Source data:
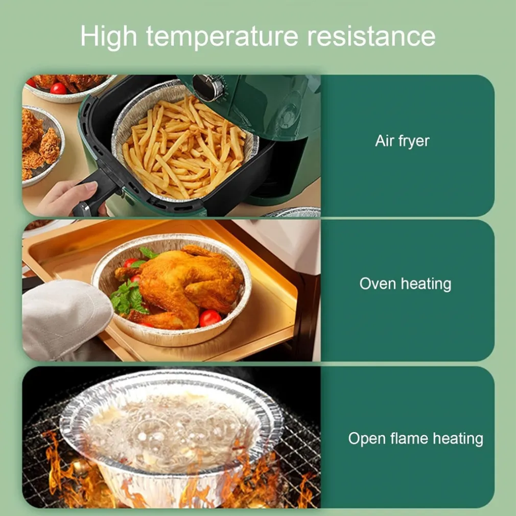 L’immagine mostra delle vaschette rotonde in alluminio, comunemente utilizzate come rivestimenti per friggitrici ad aria o come contenitori per alimenti. Sono realizzate in alluminio di alta qualità, robuste, antiaderenti e perfettamente resistenti a temperature elevate.
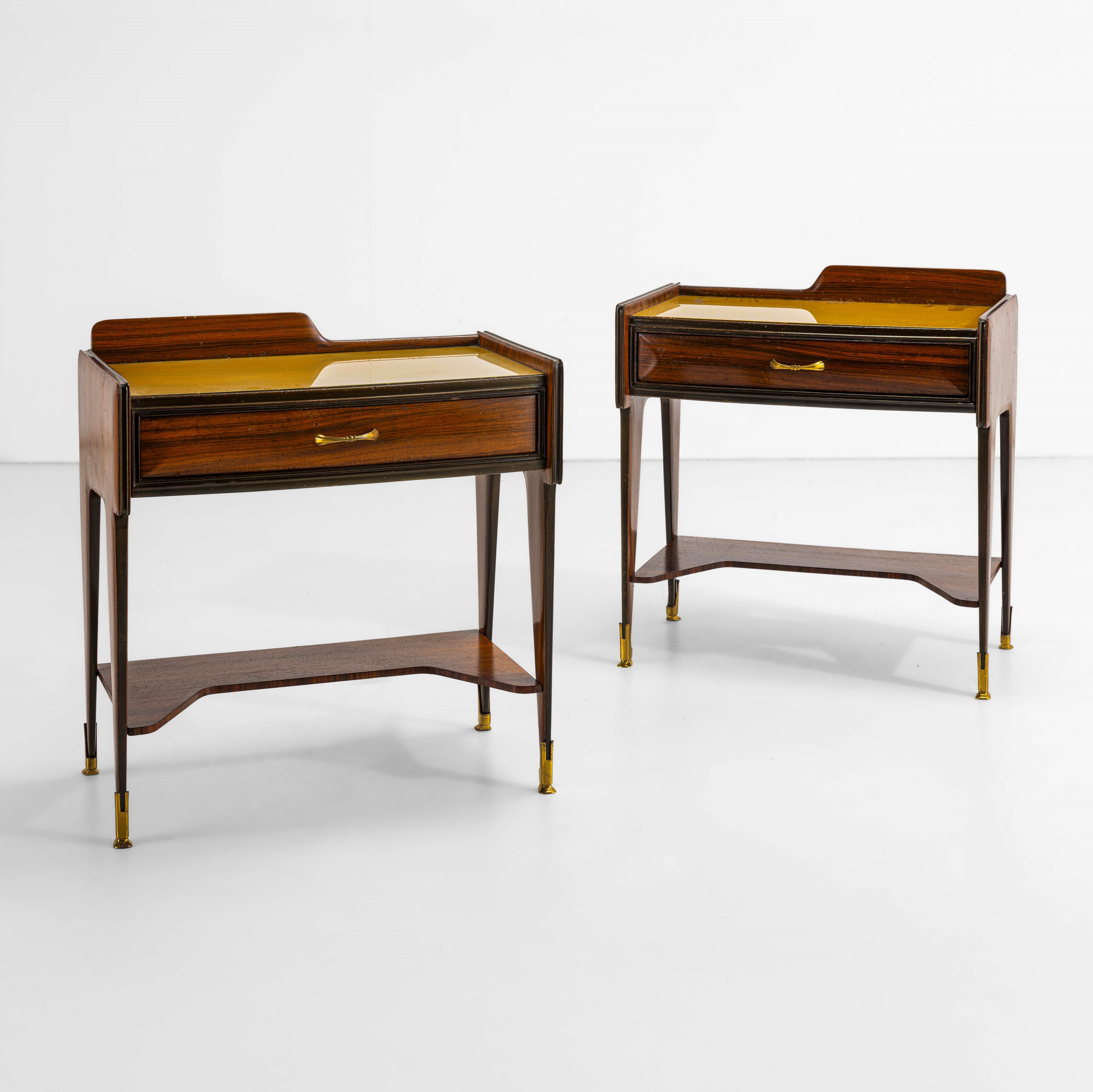 Struttura in legno e legno laccato. Ripiani in vetro. Dettagli in ottone.
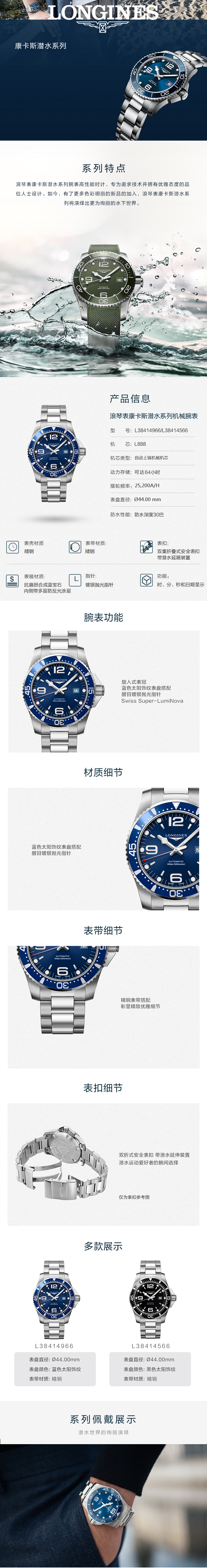 浪琴(LONGINES)康卡斯潜水系列 男表L3.841.4.56.6 单位:块 黑色
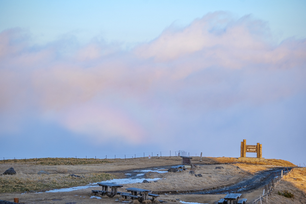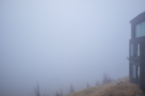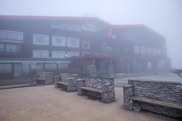 7時47分、日の出以降は再び真っ白な雲に中に入ってしまった王ヶ頭ホテル。

Task brief:
Could you copy the data above exactly, leaving the pictures out?

Answer:
 L’immagine mostra delle vaschette rotonde in alluminio, comunemente utilizzate come rivestimenti per friggitrici ad aria o come contenitori per alimenti. Sono realizzate in alluminio di alta qualità, robuste, antiaderenti e perfettamente resistenti a temperature elevate.
 Struttura in legno e legno laccato. Ripiani in vetro. Dettagli in ottone.
 浪琴(LONGINES)康卡斯潜水系列 男表L3.841.4.56.6 单位:块 黑色
 7時47分、日の出以降は再び真っ白な雲に中に入ってしまった王ヶ頭ホテル。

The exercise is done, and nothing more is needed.